LAVILLENIE — No, è davvero una maledizione che non ha fine. Cinque mondiali, cinque schiaffi a Renaud Lavillenie. Il primatista del mondo non è riuscito nemmeno a Londra a infrangere il tabù mondiale. Stavolta non partiva da favorito, ruolo he spettava invece al militare americano Sam Kendricks, imbattuto per tutta la stagione e unico oltre i sei metri all'aperto nel 2017. Verticalizzazione da manuale del salto con l'alta, fase di svincolo da far vedere ai ragazzini: Kendricks si è meritato il titolo mondiale con 5.95. Il povero Lavillenie si è dovuto accontentare del bronzo (5.89), con la stessa misura dell'argento Piotr Lisek ma con più errori, e ha provato a far saltare il banco con il volo finale (mancato) a 6.01. L'oro iridato resta stregato.
EUROPA 800 — Sorpresa Europa negli 800. Il dopo Rudisha è di Pierre-Ambroise Bosse: ultimi 150 metri da fuoriclasse per il francese, incredulo al traguardo dopo la traversata da 1'44"67. La notizia è che l'Africa è soltanto terza, perché il solito finale arrembante del polacco Adam Kzsczot (1'44"95), una sola vocale ma gambe e coraggio da vendere, ha scalzato dall'argento il keniano campione del mondo juniores Kipyegon Bett (bronzo in 1'45"21), completando la serataccia del Botswana che ha dovuto anche digerire Nijel Amos fuori dal podio, soltanto quinto, risucchiato pure dalla rivelazione britannica, il 21enne Kyle Langford, ottimo quarto.
KIPRUTO — Sempre, fortissimamente, Kenya. Ci hanno provato il marocchino Soufiane El Bakkali e l'americano Evan Jager a interrompere il trentennale dominio nei 3000 siepi degli atleti nati in Kenya (l'ultimo a riuscirvi è stato Francesco Panetta nel 1987 a Roma). In un appassionante ultimo giro, il campione olimpico Conseslus Kipruto (8'14"12) ha bruciato El Bakkali (8'14"49) e Jager (8'15"53) nel braccio di ferro a tre, lanciato proprio dall'americano che aveva sfilacciato il gruppo con il suo forcing nel penultimo giro. Jager, dopo l'argento dello scorso anno a Rio, ha portato per la prima volta gli Stati Uniti sul podio mondiale delle siepi, mentre il saluto mondiale del mito Ezekiel Kemboi, vincitore delle ultime quattro edizioni, ha coinciso con l'undicesimo posto. Lascerà lo sport il 20 agosto ad Amatrice negli 8.5 km dell'Amatrice-Configno, a lui carissimi per il rapporto speciale che lo lega al patron Bruno D'Alessio, e quest'anno ancor di più visto il dramma vissuto dal borgo del Centro Italia devastato dal sisma.
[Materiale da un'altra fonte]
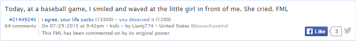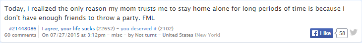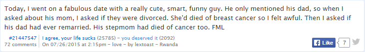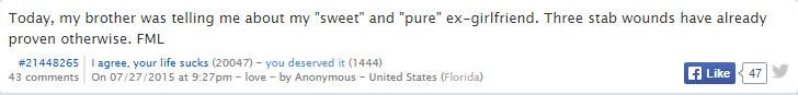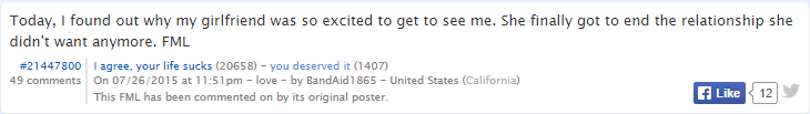 FML Comp #2 Flag bleachtaire (See more...) next random - Fav Favorite Comment ✖ Top NextComment This is my second comp, so I hope you enjoy it. Tell me if there's anyway I can improve the comps. next Tags: FML | fmylife | comp +41 Views: 2737 Favorited: 2 Submitted: 07/31/2015 Share On Facebook -Favorite +Favorite Unsub from bleachtaire Subscribe to bleachtaire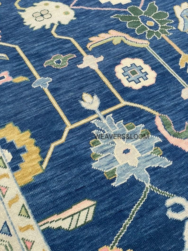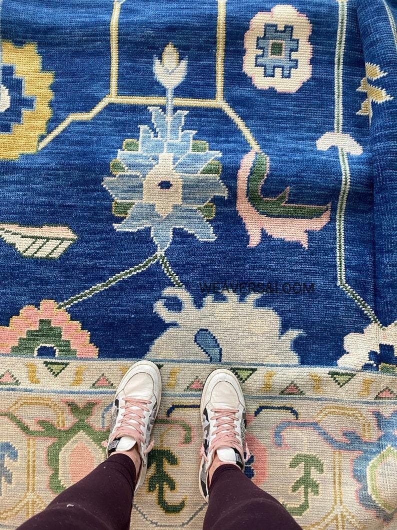 Blue Hand Knotted Oushak Rug, Blue Wool Area Rug for Bedroom,Living room,dining area,Pastel Oushak Rug, Handmade Rug,Turkish Wool Rug 9x12

SPOTAKOVA — Diciamolo: a Jan Zelezny questi Mondiali interessano per due motivi. Il secondo è capire se dopo Londra sarà ancora il padrone del record del mondo nel giavellotto: molto probabile, ma non più così scontato vista la stagione inaudita dei tedeschi Vetter e Rohler, mai così vicini al suo faraonico 98.48 del 1996. Questo però era il secondo motivo. Il primo? La medaglia d'oro della sua "pupilla" Barbora Spotakova, primatista del mondo anch'essa, a tal punto riconoscente al suo coach da chiamare Janek il figlioletto, in suo onore. Risaliva a dieci anni fa il suo primo titolo mondiale: Daegu, Corea del Sud. E a Londra cinque anni fa aveva bissato l'oro olimpico già conquistato a Pechino. Stasera, la 36enne ceca l'ha spuntata nel confronto generazionale con l'olimpionica di Rio Sara Kolak (22 anni), catapultando il giavellotto a 66.76. A completare il podio, due lanciatrici cinesi: Lingwei Li (66.25) e Huihui Lyu (65.26), con la croata soltanto quarta (64.95).
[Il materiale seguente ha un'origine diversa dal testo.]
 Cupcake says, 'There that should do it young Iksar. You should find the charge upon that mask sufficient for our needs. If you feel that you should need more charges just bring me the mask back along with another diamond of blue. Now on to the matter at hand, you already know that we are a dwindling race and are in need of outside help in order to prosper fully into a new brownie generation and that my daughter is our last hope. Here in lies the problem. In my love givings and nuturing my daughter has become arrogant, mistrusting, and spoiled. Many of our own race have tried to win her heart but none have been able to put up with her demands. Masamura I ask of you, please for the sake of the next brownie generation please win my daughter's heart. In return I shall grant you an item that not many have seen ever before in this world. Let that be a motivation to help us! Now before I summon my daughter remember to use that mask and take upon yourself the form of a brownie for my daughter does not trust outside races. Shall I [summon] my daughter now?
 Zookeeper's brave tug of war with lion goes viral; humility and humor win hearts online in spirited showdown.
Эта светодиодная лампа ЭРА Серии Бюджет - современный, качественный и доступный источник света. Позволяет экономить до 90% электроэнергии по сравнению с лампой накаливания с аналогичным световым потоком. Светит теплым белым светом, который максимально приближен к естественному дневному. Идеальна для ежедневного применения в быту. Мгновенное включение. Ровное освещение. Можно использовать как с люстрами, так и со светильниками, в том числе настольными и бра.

SCHIPPERS VS MILLER — I 200 perdono la protagonista più attesa. L'americana Tori Bowie, principessa dei 100, non si è presentata sui blocchi della distanza doppia sulla quale detiene la leadership mondiale dell'anno. Motivo? Si fa ancora sentire la caduta dopo il traguardo dei 100. Niente doppietta, dunque, e la roulette per l'oro si restringe alla campionessa del mondo in carica, l'olandese food-blogger Dafne Schippers (22"63 in batteria), all'oro olimpico dei 400 Shaunae Miller-Uibo (22"69) e, al limite, all'ivoriana argento dei 100 Maria Josee Ta-Lou (22"70). Per eventuali sorprese, rivolgersi alla 21enne britannica Dina Asher-Smith: cinque anni fa ai Giochi la sprinter del sobborgo londinese di Bromley portava la cesta alla regina dell'eptathlon Jessica Ennis; ora, nello stesso stadio, infiamma il pubblico con la batteria da 22"73.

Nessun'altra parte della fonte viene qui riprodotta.